EXERCISE DATA:
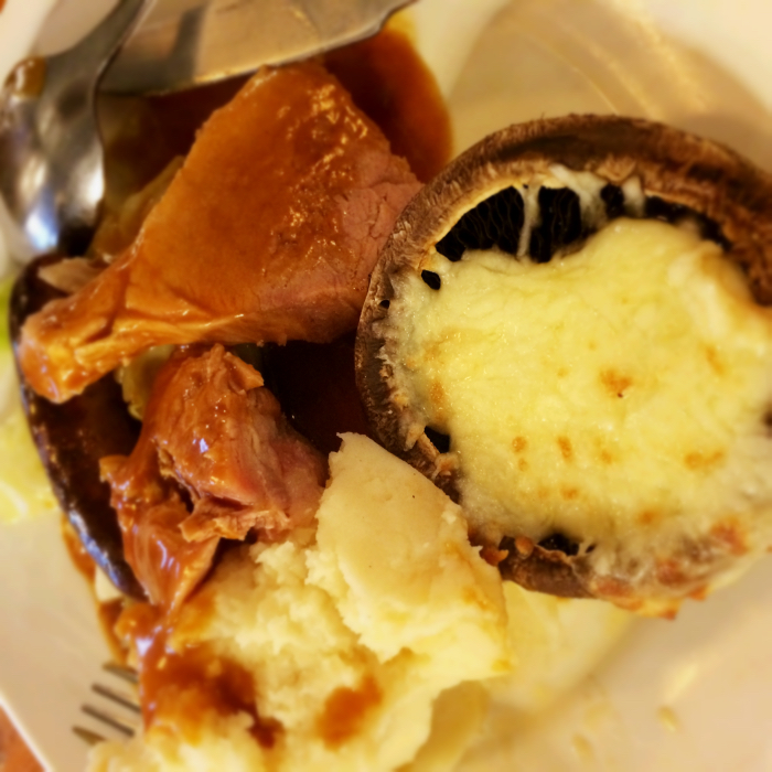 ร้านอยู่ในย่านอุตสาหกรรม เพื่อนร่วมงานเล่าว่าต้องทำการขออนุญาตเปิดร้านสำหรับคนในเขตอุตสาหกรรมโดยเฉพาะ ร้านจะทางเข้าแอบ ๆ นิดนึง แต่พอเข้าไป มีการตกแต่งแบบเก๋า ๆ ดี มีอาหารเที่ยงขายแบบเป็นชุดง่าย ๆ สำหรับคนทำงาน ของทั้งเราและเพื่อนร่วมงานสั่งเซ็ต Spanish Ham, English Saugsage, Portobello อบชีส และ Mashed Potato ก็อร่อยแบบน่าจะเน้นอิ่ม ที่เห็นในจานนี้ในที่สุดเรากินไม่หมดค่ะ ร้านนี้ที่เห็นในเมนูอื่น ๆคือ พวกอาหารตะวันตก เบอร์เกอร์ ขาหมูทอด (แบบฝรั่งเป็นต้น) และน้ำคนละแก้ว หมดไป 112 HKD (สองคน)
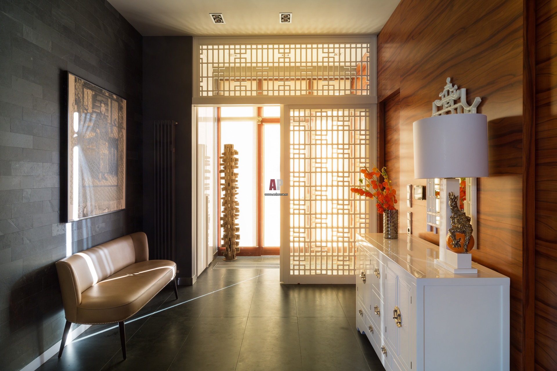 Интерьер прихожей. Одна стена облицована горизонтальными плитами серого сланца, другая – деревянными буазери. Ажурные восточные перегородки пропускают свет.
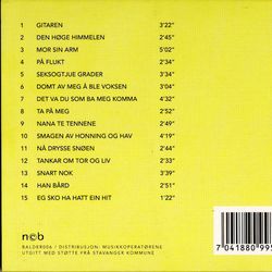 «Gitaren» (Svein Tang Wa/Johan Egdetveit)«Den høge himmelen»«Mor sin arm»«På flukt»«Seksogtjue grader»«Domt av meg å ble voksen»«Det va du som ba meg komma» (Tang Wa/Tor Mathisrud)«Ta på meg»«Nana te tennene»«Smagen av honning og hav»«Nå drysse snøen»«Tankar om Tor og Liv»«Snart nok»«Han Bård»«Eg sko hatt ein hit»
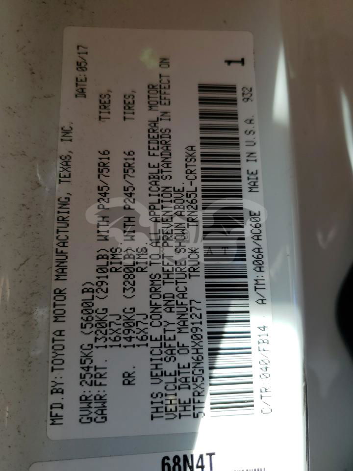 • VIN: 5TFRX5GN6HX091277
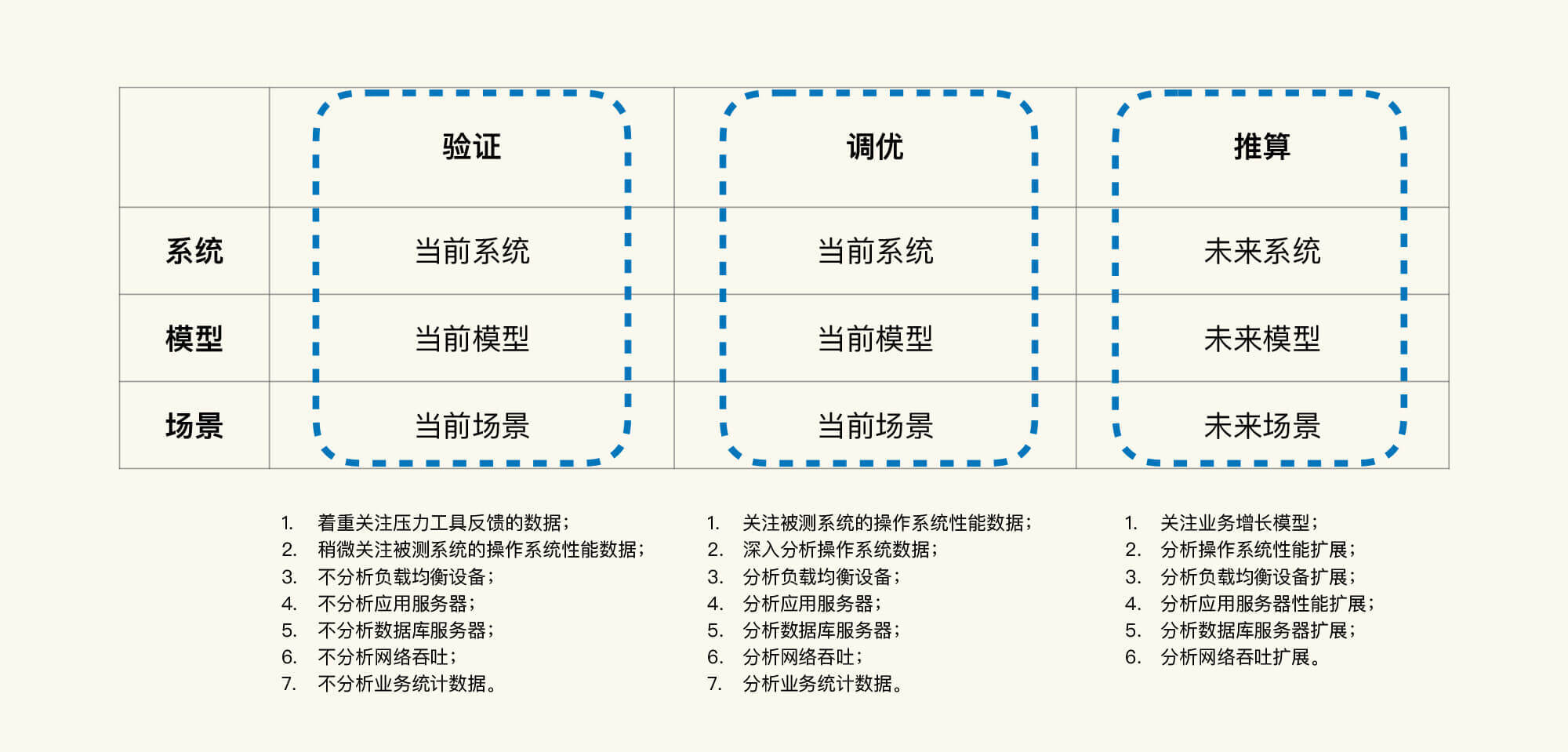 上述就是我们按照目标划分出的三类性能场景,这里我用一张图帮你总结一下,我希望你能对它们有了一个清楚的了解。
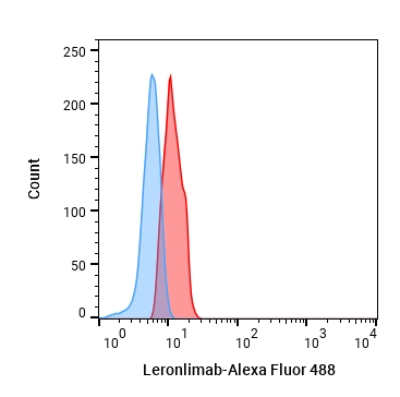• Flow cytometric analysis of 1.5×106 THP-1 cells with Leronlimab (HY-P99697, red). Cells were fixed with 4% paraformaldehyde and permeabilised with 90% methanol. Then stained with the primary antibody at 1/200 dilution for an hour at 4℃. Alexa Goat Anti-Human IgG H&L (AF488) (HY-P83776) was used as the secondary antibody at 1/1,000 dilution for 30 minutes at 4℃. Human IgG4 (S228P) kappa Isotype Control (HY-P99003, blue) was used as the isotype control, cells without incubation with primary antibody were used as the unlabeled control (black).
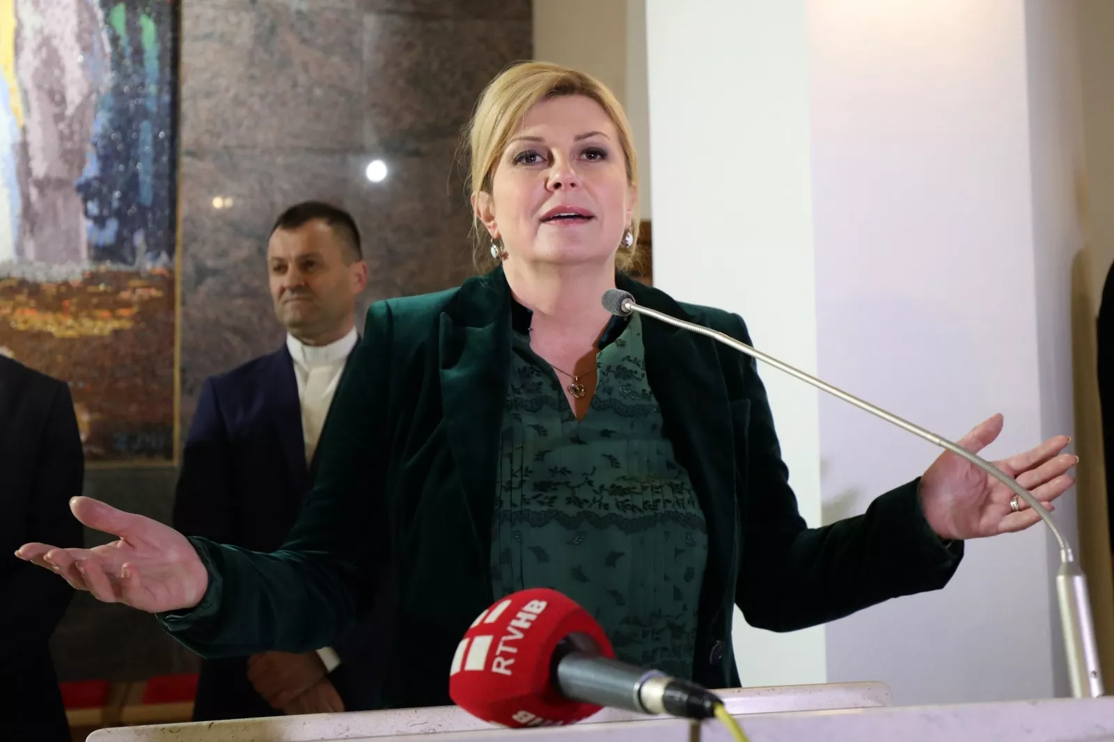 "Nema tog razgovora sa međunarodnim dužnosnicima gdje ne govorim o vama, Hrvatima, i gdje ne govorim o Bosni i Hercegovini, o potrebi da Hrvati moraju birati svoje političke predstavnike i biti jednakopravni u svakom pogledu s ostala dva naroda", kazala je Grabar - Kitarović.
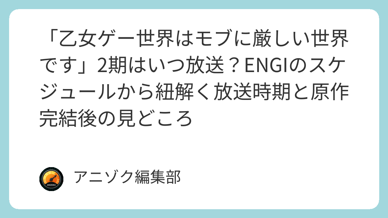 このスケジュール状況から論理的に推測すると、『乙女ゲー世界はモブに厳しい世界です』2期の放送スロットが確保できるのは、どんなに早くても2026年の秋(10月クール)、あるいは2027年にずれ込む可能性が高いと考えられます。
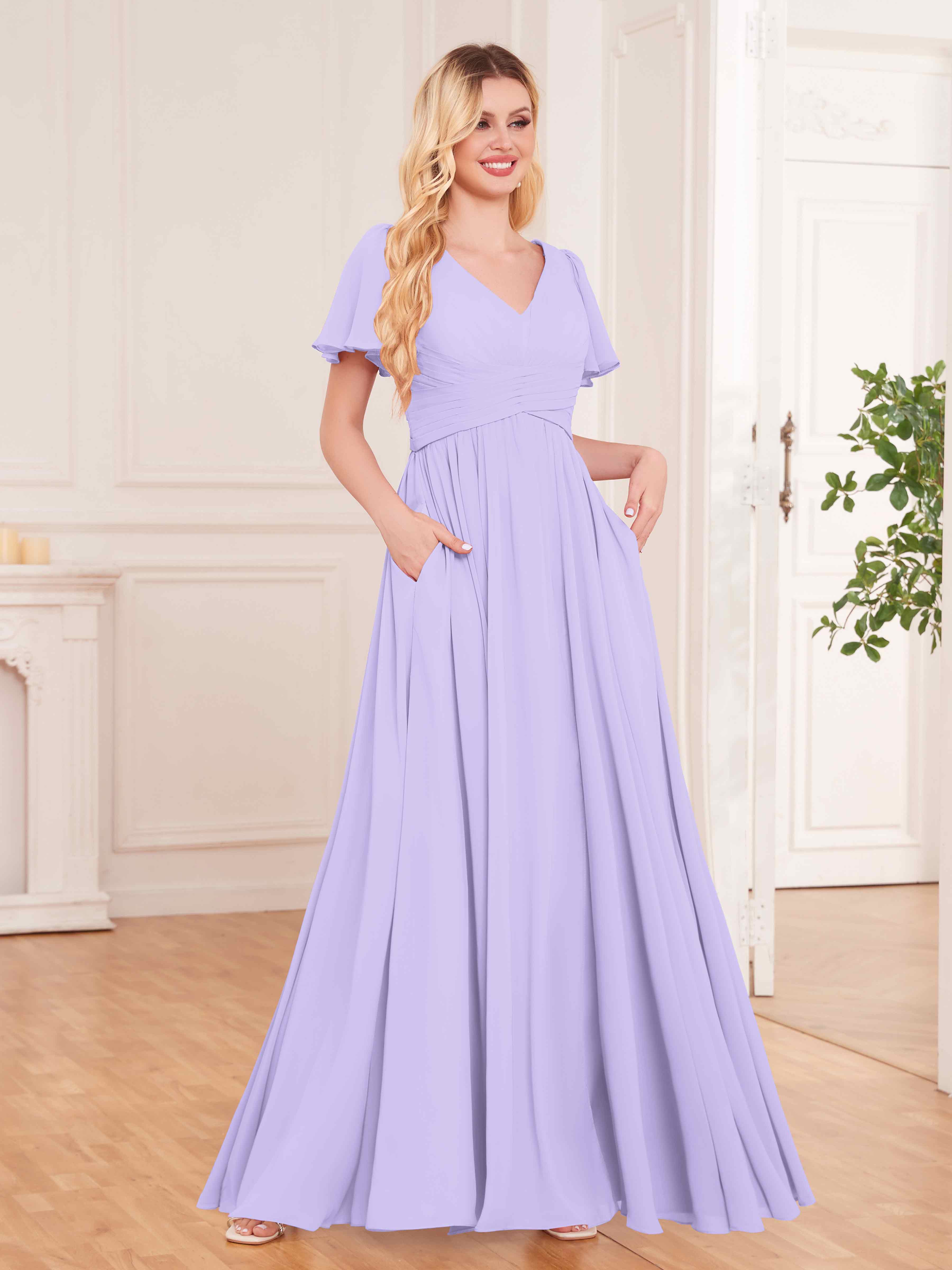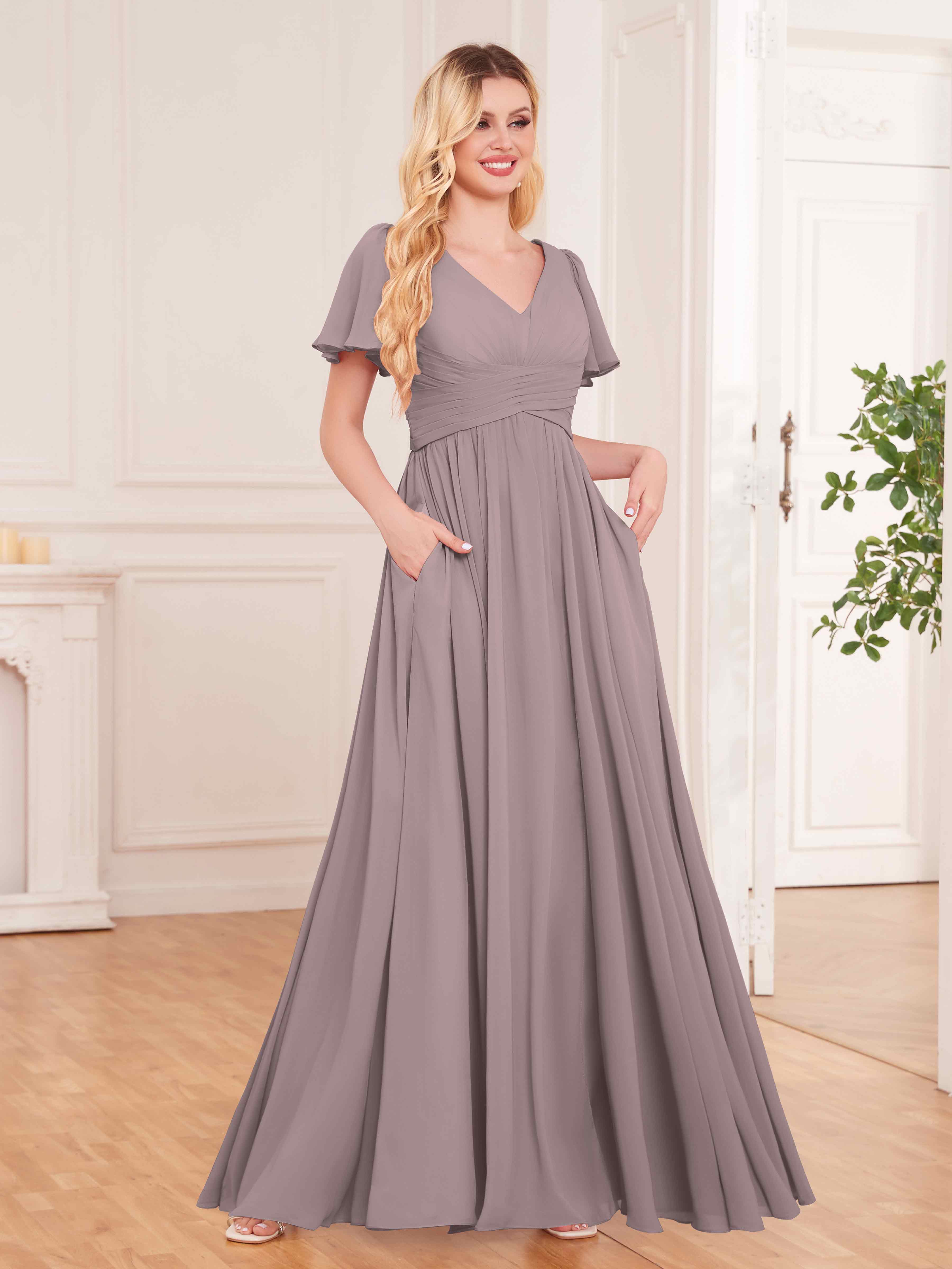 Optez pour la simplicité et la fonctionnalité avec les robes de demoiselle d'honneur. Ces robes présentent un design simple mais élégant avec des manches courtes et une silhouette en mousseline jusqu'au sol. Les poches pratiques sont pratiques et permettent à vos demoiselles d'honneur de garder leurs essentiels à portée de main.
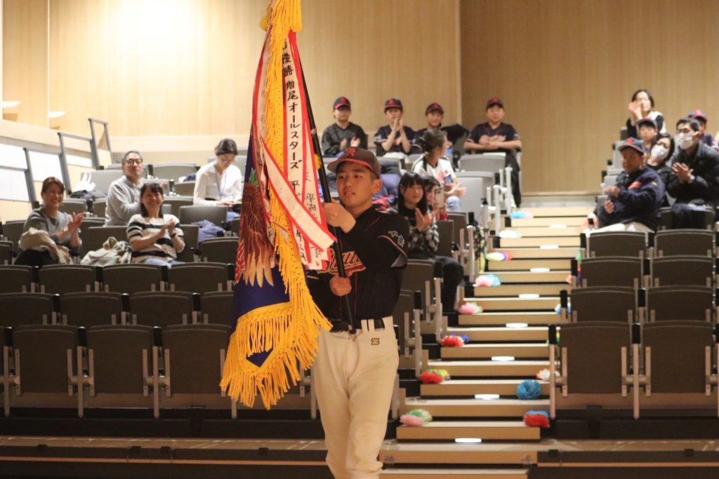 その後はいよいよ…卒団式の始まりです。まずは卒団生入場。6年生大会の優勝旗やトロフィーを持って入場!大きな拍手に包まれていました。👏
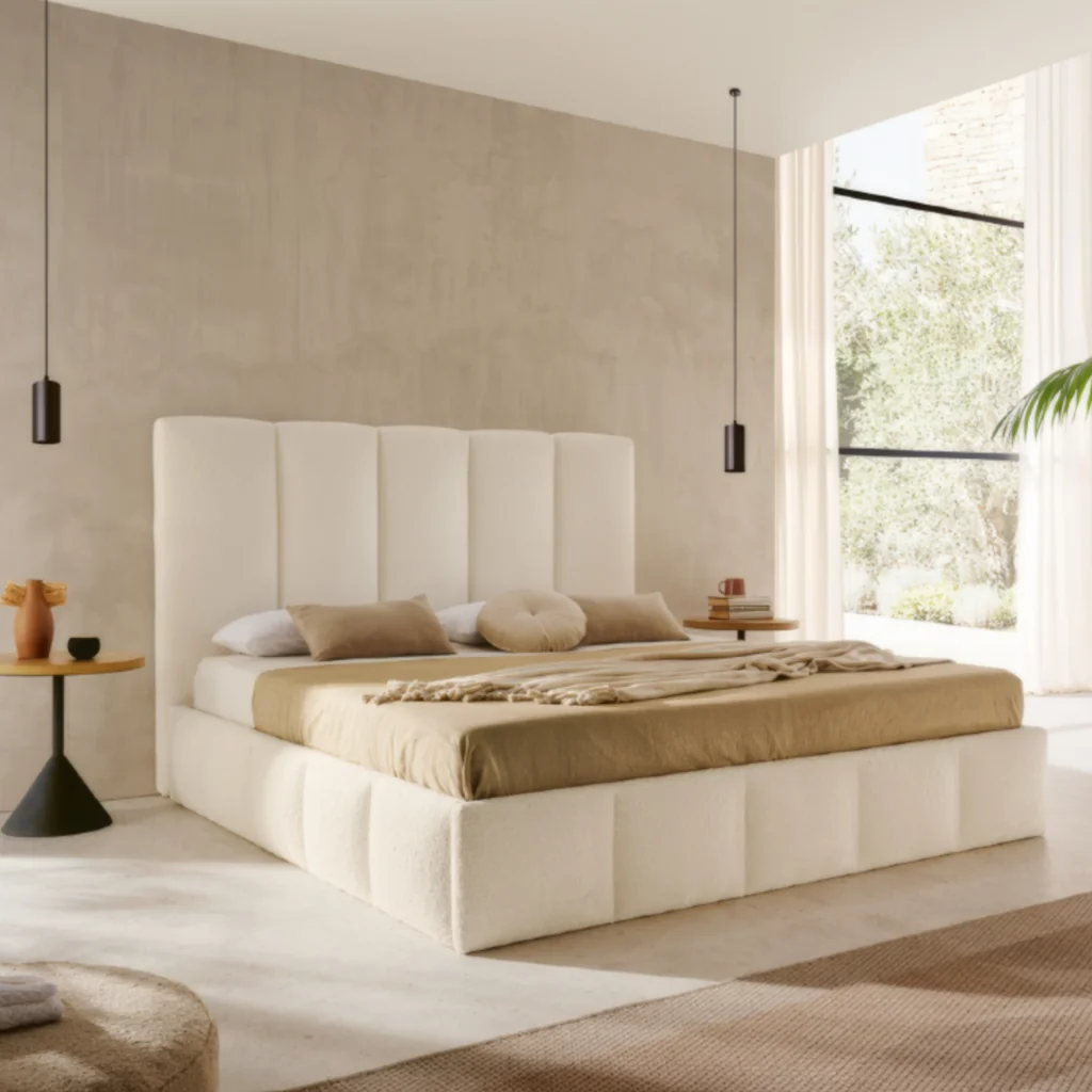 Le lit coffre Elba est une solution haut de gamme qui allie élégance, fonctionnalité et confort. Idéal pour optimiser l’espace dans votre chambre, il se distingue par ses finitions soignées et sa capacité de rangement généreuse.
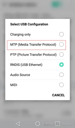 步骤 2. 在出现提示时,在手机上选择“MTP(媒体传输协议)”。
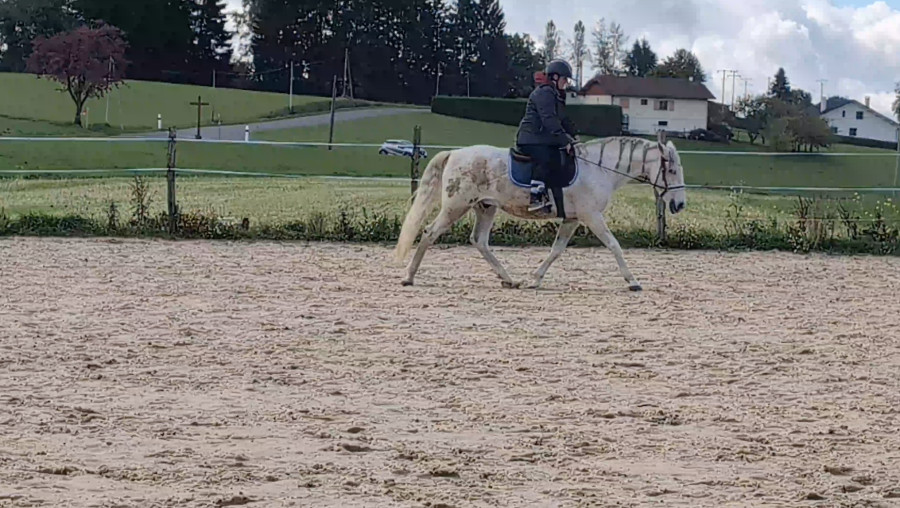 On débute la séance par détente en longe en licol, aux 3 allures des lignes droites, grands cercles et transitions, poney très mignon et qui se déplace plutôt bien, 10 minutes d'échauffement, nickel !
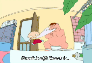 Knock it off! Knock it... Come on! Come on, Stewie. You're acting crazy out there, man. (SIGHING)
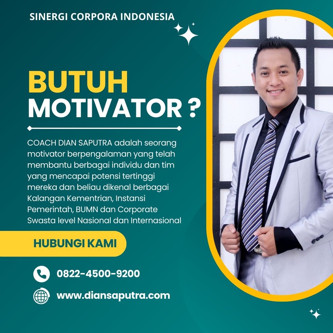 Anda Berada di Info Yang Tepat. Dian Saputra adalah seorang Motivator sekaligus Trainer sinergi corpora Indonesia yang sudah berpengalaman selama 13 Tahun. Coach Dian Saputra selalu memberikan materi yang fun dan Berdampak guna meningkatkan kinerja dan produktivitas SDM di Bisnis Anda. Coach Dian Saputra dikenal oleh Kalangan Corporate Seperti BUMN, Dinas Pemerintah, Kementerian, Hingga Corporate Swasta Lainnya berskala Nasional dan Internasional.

HOW TO COMPLETE THIS TASK: Repeat all entries exactly, pictures excluded.

SOLUTION TO THE PROBLEM:
 ร้านอยู่ในย่านอุตสาหกรรม เพื่อนร่วมงานเล่าว่าต้องทำการขออนุญาตเปิดร้านสำหรับคนในเขตอุตสาหกรรมโดยเฉพาะ ร้านจะทางเข้าแอบ ๆ นิดนึง แต่พอเข้าไป มีการตกแต่งแบบเก๋า ๆ ดี มีอาหารเที่ยงขายแบบเป็นชุดง่าย ๆ สำหรับคนทำงาน ของทั้งเราและเพื่อนร่วมงานสั่งเซ็ต Spanish Ham, English Saugsage, Portobello อบชีส และ Mashed Potato ก็อร่อยแบบน่าจะเน้นอิ่ม ที่เห็นในจานนี้ในที่สุดเรากินไม่หมดค่ะ ร้านนี้ที่เห็นในเมนูอื่น ๆคือ พวกอาหารตะวันตก เบอร์เกอร์ ขาหมูทอด (แบบฝรั่งเป็นต้น) และน้ำคนละแก้ว หมดไป 112 HKD (สองคน)
 Интерьер прихожей. Одна стена облицована горизонтальными плитами серого сланца, другая – деревянными буазери. Ажурные восточные перегородки пропускают свет.
 «Gitaren» (Svein Tang Wa/Johan Egdetveit)«Den høge himmelen»«Mor sin arm»«På flukt»«Seksogtjue grader»«Domt av meg å ble voksen»«Det va du som ba meg komma» (Tang Wa/Tor Mathisrud)«Ta på meg»«Nana te tennene»«Smagen av honning og hav»«Nå drysse snøen»«Tankar om Tor og Liv»«Snart nok»«Han Bård»«Eg sko hatt ein hit»
 • VIN: 5TFRX5GN6HX091277
 上述就是我们按照目标划分出的三类性能场景,这里我用一张图帮你总结一下,我希望你能对它们有了一个清楚的了解。
• Flow cytometric analysis of 1.5×106 THP-1 cells with Leronlimab (HY-P99697, red). Cells were fixed with 4% paraformaldehyde and permeabilised with 90% methanol. Then stained with the primary antibody at 1/200 dilution for an hour at 4℃. Alexa Goat Anti-Human IgG H&L (AF488) (HY-P83776) was used as the secondary antibody at 1/1,000 dilution for 30 minutes at 4℃. Human IgG4 (S228P) kappa Isotype Control (HY-P99003, blue) was used as the isotype control, cells without incubation with primary antibody were used as the unlabeled control (black).
 "Nema tog razgovora sa međunarodnim dužnosnicima gdje ne govorim o vama, Hrvatima, i gdje ne govorim o Bosni i Hercegovini, o potrebi da Hrvati moraju birati svoje političke predstavnike i biti jednakopravni u svakom pogledu s ostala dva naroda", kazala je Grabar - Kitarović.
 このスケジュール状況から論理的に推測すると、『乙女ゲー世界はモブに厳しい世界です』2期の放送スロットが確保できるのは、どんなに早くても2026年の秋(10月クール)、あるいは2027年にずれ込む可能性が高いと考えられます。
 Optez pour la simplicité et la fonctionnalité avec les robes de demoiselle d'honneur. Ces robes présentent un design simple mais élégant avec des manches courtes et une silhouette en mousseline jusqu'au sol. Les poches pratiques sont pratiques et permettent à vos demoiselles d'honneur de garder leurs essentiels à portée de main.
 その後はいよいよ…卒団式の始まりです。まずは卒団生入場。6年生大会の優勝旗やトロフィーを持って入場!大きな拍手に包まれていました。👏
 Le lit coffre Elba est une solution haut de gamme qui allie élégance, fonctionnalité et confort. Idéal pour optimiser l’espace dans votre chambre, il se distingue par ses finitions soignées et sa capacité de rangement généreuse.
 步骤 2. 在出现提示时,在手机上选择“MTP(媒体传输协议)”。
 On débute la séance par détente en longe en licol, aux 3 allures des lignes droites, grands cercles et transitions, poney très mignon et qui se déplace plutôt bien, 10 minutes d'échauffement, nickel !
 Knock it off! Knock it... Come on! Come on, Stewie. You're acting crazy out there, man. (SIGHING)
 Anda Berada di Info Yang Tepat. Dian Saputra adalah seorang Motivator sekaligus Trainer sinergi corpora Indonesia yang sudah berpengalaman selama 13 Tahun. Coach Dian Saputra selalu memberikan materi yang fun dan Berdampak guna meningkatkan kinerja dan produktivitas SDM di Bisnis Anda. Coach Dian Saputra dikenal oleh Kalangan Corporate Seperti BUMN, Dinas Pemerintah, Kementerian, Hingga Corporate Swasta Lainnya berskala Nasional dan Internasional.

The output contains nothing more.